Dans la lutte contre le trafic de drogue, la pression trumpienne a poussé le Mexique à adopter « la stratégie de la décapitation », souligne Annette Idler. Mais par le passé, « le recours à cette méthode, comme l’assassinat d’Arturo Beltrán Leyva en 2009 [chef du cartel Beltrán Leyva, NDLR] a pu aboutir à la dissolution du cartel en plusieurs petits groupes très violents qui se battent pour prendre le contrôle du territoire », souligne Adriana Marin.
Le risque est que la situation échappe au contrôle à la fois du cartel et des autorités. « La violence peut s’intensifier si des factions internes se disputent la domination ou si des rivaux tentent des incursions territoriales. Dans le pire des cas, la violence s’étend géographiquement et devient plus aveugle, en particulier si la fragmentation réduit la discipline du commandement central », estime Adriana Marin. Pour elle tout dépend de la rapidité du cartel CJNG à rétablir une hiérarchie interne solide.

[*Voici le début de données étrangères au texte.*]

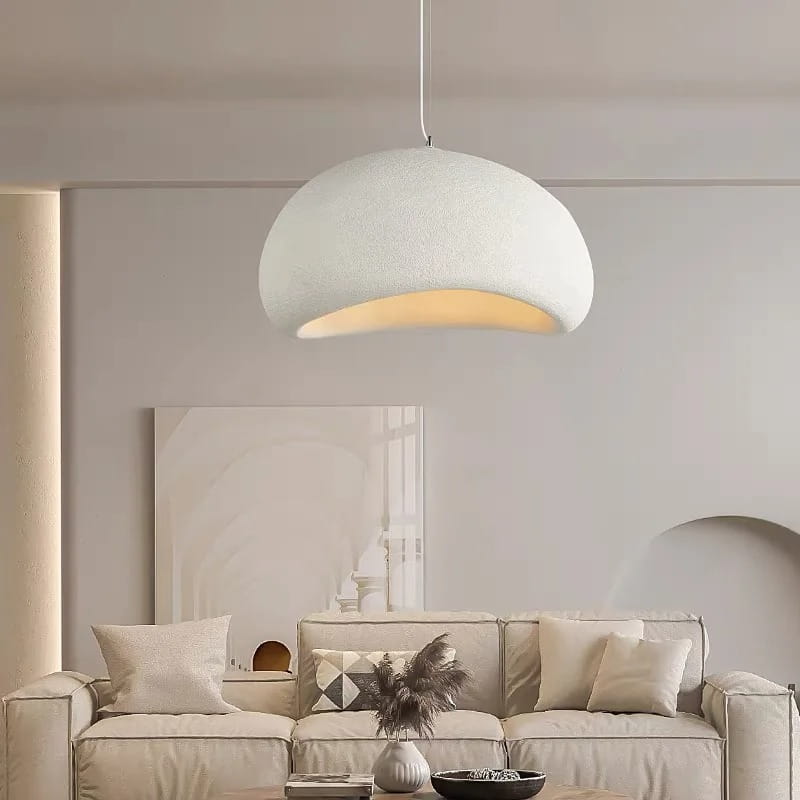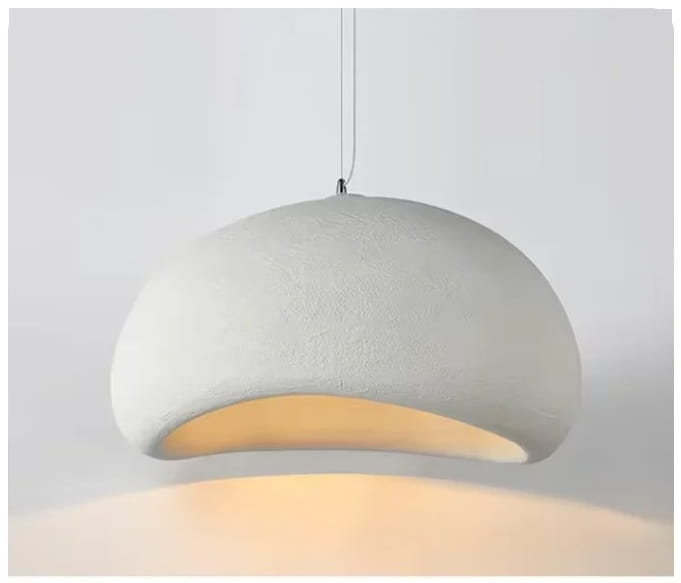 Ta lampa wisząca łączy w sobie surową formę z naturalnym pięknem, które jest charakterystyczne dla estetyki wabi-sabi. Jej nieregularny, organiczny kształt przypomina kamień wygładzony przez naturę, a matowa, szorstka faktura podkreśla niedoskonałość, która w tym stylu staje się zaletą.
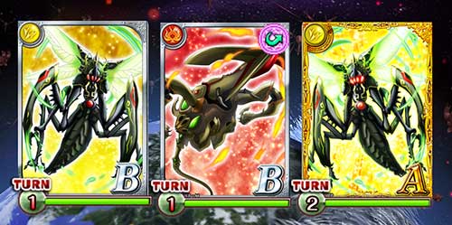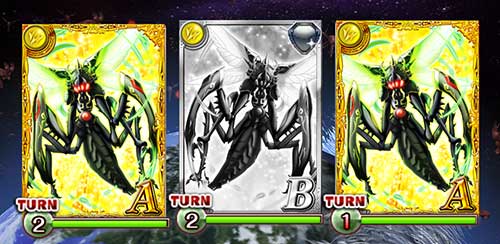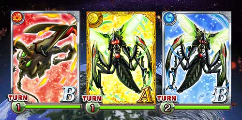| 先制死の秒針(5T)→全体に約1200の攻撃 | 3体に約300の5連撃 1体倒れると怒り:先制多弾式カウンター(700/5T)→3体に約300の5連撃 |
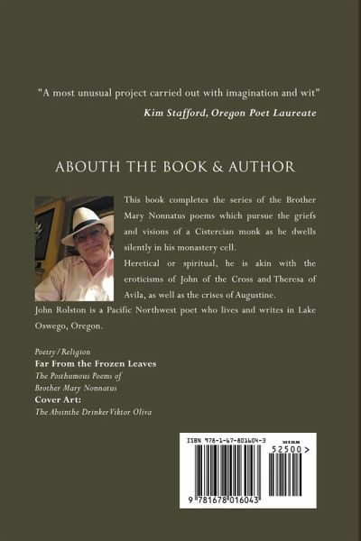 Intellectual poetry which delves into the psyche of a Trappist monk who questions his beliefs, struggles with erotic fantasies and despairs at the world in general.
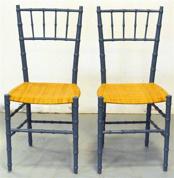 Coppia di chiavarine con struttura in legno verniciato color celeste, seduta in paglia intrecciata, cuscino imbottito e rivestito in tessuto azzurro. (cm 40x90x35)
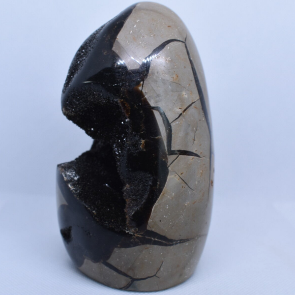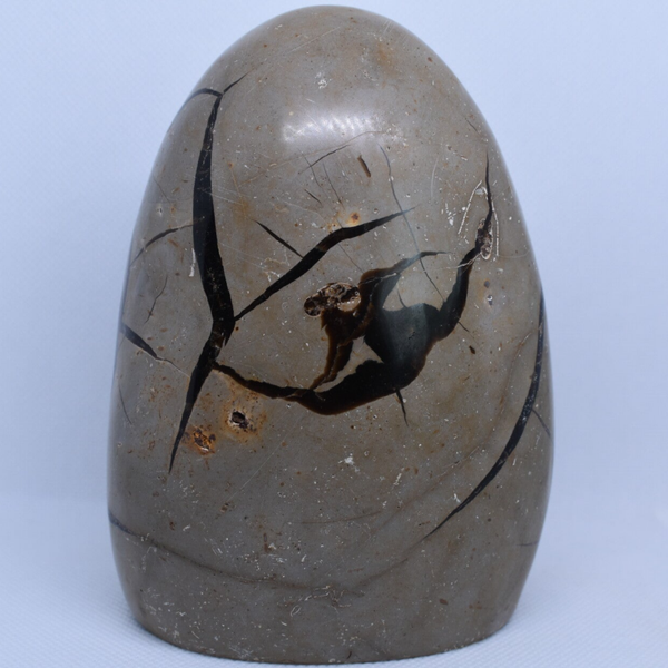 Formation : le septaria est une concrétion sédimentaire fossile, formée il y a environ 50 à 70 millions d’années, à partir de boues marines riches en argile, calcite, aragonite et barytine.
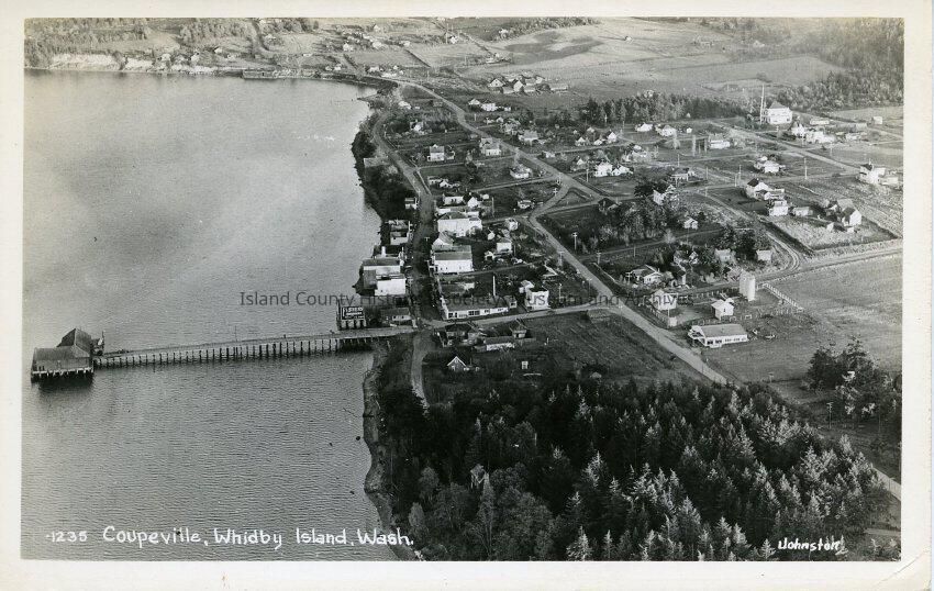 The black and white photo is an aerial view of Coupeville. The view shows various roads and trees as well as a few farms. View from above Stills Park looking east with the wharf on the left. The road is still visible in front/along the shore of Captain Coupe's housePhotograph Details
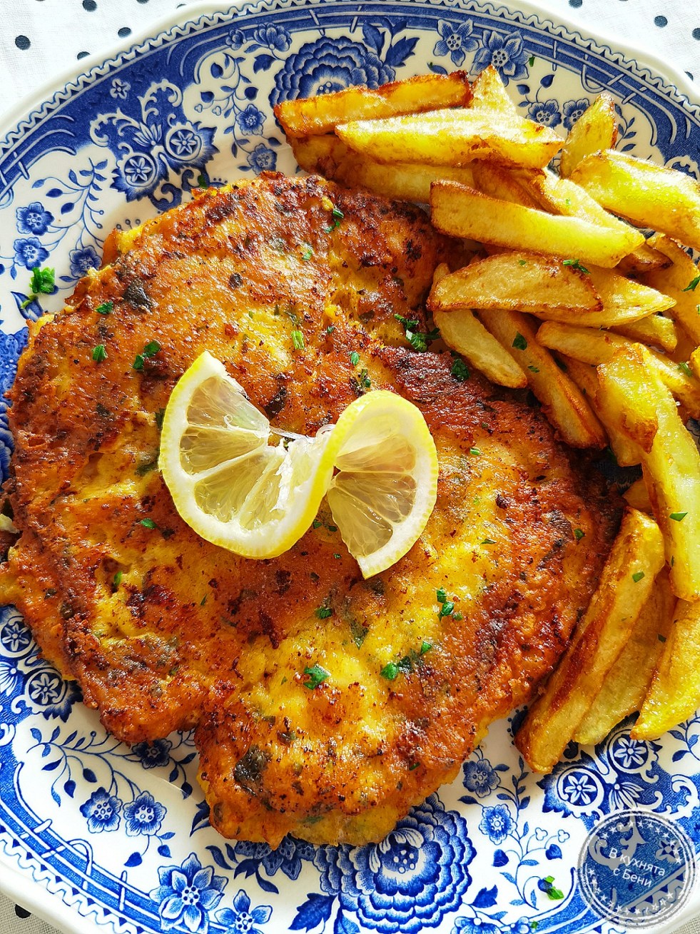Здравейте, приятели! 🤗Пилешки шницел с пържени картофи беше обядът ни днес. 😋🍛🍴👩🍳Много сочно и вкусно се получи месото и препоръчвам да го опитате.👌☺️🍽🍻Прохладна и приятна вечер ви пожелавам!🥰🍹За 2 големи порции са нужни:🍴2 бр. пилешко филе пеперуда (500 гр. общо)🍴Брашно за овалване🍴2 яйца🍴½ ч.л. сол (фино смляна морска)🍴1/5 ч.л. млян бял пипер🍴2 с.л. ситно нарязан… Продължете да четете Пилешки шницел с пържени картофи
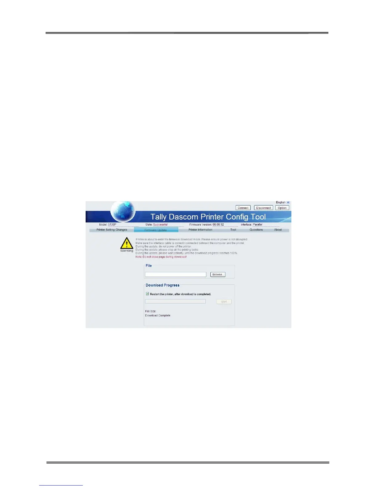 1) Do not switch off the printer or disconnect the cable during the update process.
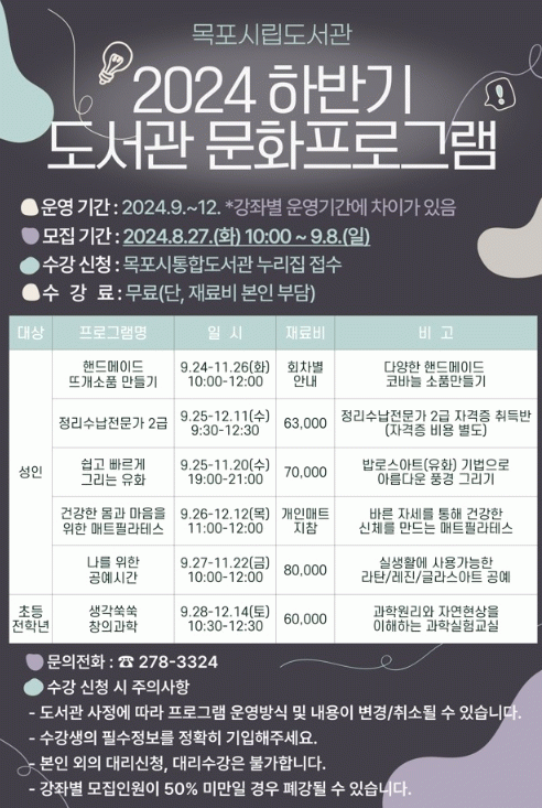 수강 신청은 오는 27일 오전 10시부터 목포시통합도서관 누리집에서 가능하며 모든 강좌는 무료(단, 교재비 및 재료비 본인 부담)이다.
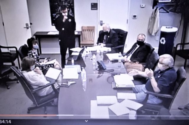 Who are those masked men & women? – County Board and Joint Coronavirus Emergency Management Team Chair Walt Mabe, hands extended bottom right, told his colleagues several councilmen’s complaints about a County relief distribution proposal appear based solely on a desire for unilateral control of a larger piece of the federal financial pie.
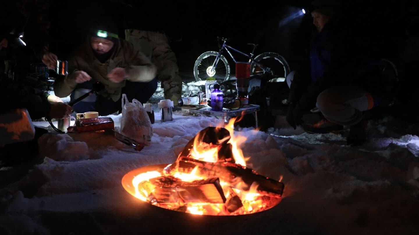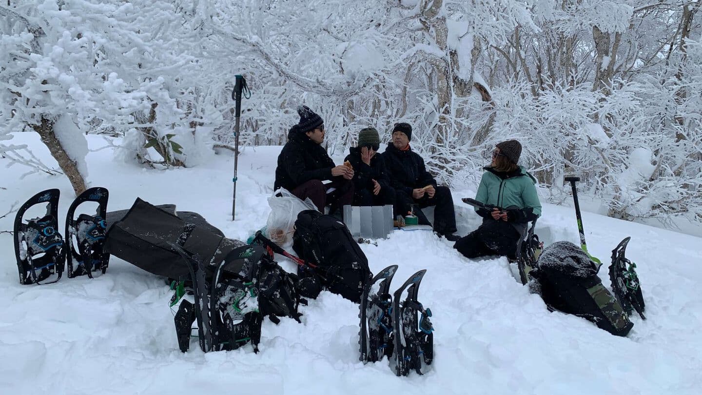 軽食付き裏山散歩ツアー。寒い中での温かいスープは体がポカポカになります。
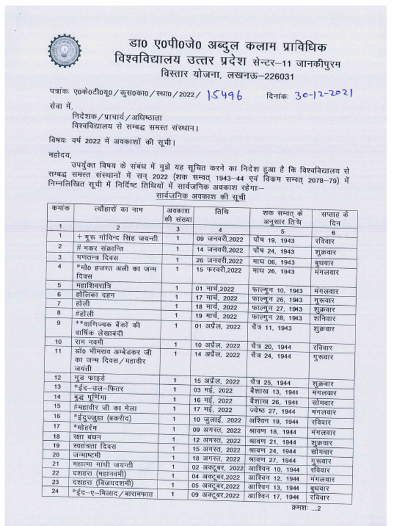 AKTU Academic Calendar 2021-22 – B.tech – Studocu
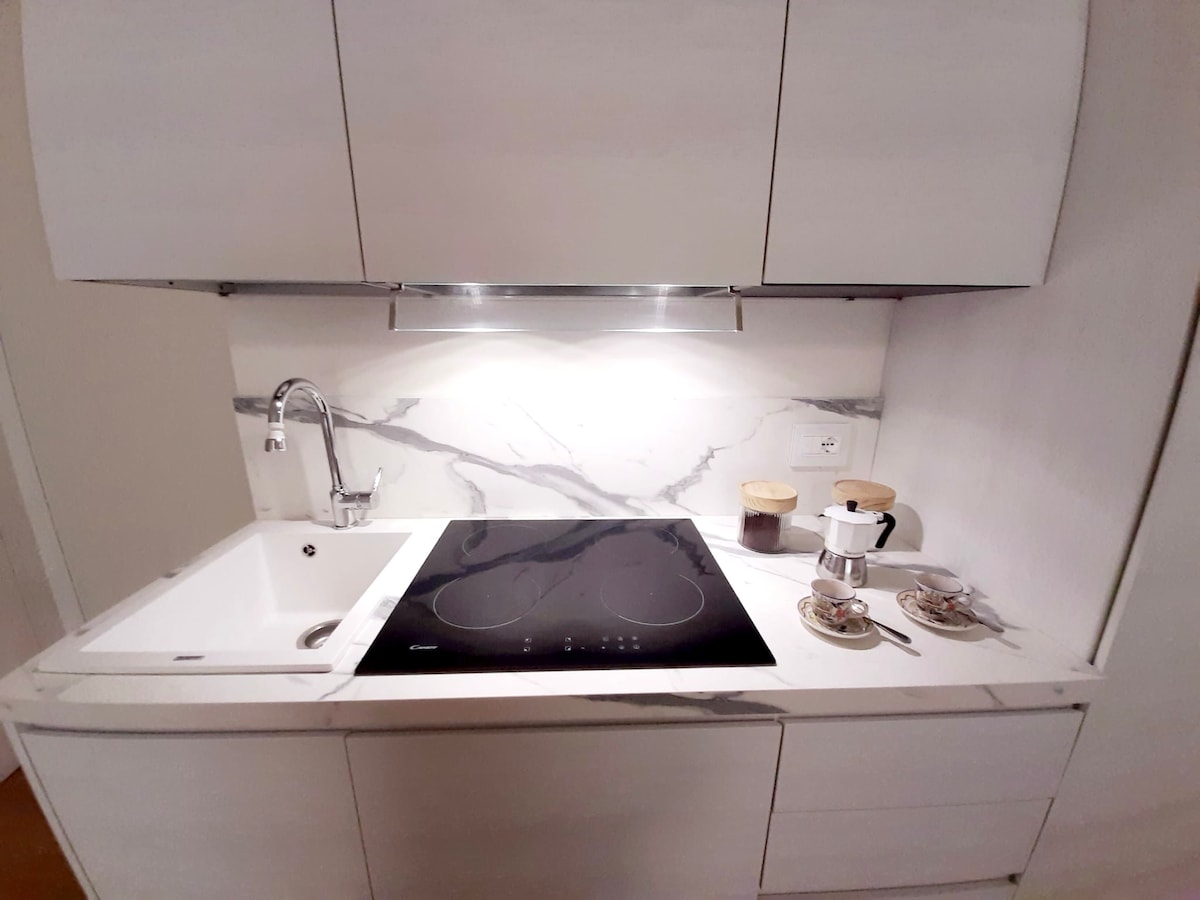 Apartamento entero en el tercer piso, a 5 minutos a pie de la estación de tren y a 2 pasos de la parada de vaporetto del Ponte delle Guglie. El interior es muy luminoso, ¡está equipado con 5 ventanas! Luego encontrarás una hermosa cocina americana equipada con 4 quemadores , horno microondas y lavavajillas. En la sala de estar te dará la bienvenida una cama/ futón muy cómoda. En la segunda habitación, además de un sillón, encontrarás un sofá para que puedas disfrutar cómodamente de un té, café o una copa de vino.

« Le plus probable est que le Mexique va connaître une hausse de la violence liée au cartel dans les prochains mois, le temps de trouver un nouvel équilibre », résume Bill Booth.
Surtout, cette stratégie « ne va pas réduire le flux de drogue vers les États-Unis », assure Benjamin Smith. « Décapiter une organisation ne détruit pas le système qu’elle a mis en place », ajoute Annette Idler.
Sans compter que si le cartel visé se retrouve trop affaibli pour maintenir ses livraisons, d’autres vont prendre sa place. La mort de El Mencho risque ainsi de ne pas avoir d’impact sur l’objectif officiel de Donald Trump : réduire la quantité de drogues qui entrent aux États-Unis. Pire, cela peut se retourner contre les Mexicains. « Des cartels qui se retrouvent trop affaiblis pour opérer à l’international comme avant risquent de se rabattre sur des activités plus locales comme les enlèvements ou l’extorsion », conclut Brian Phillips.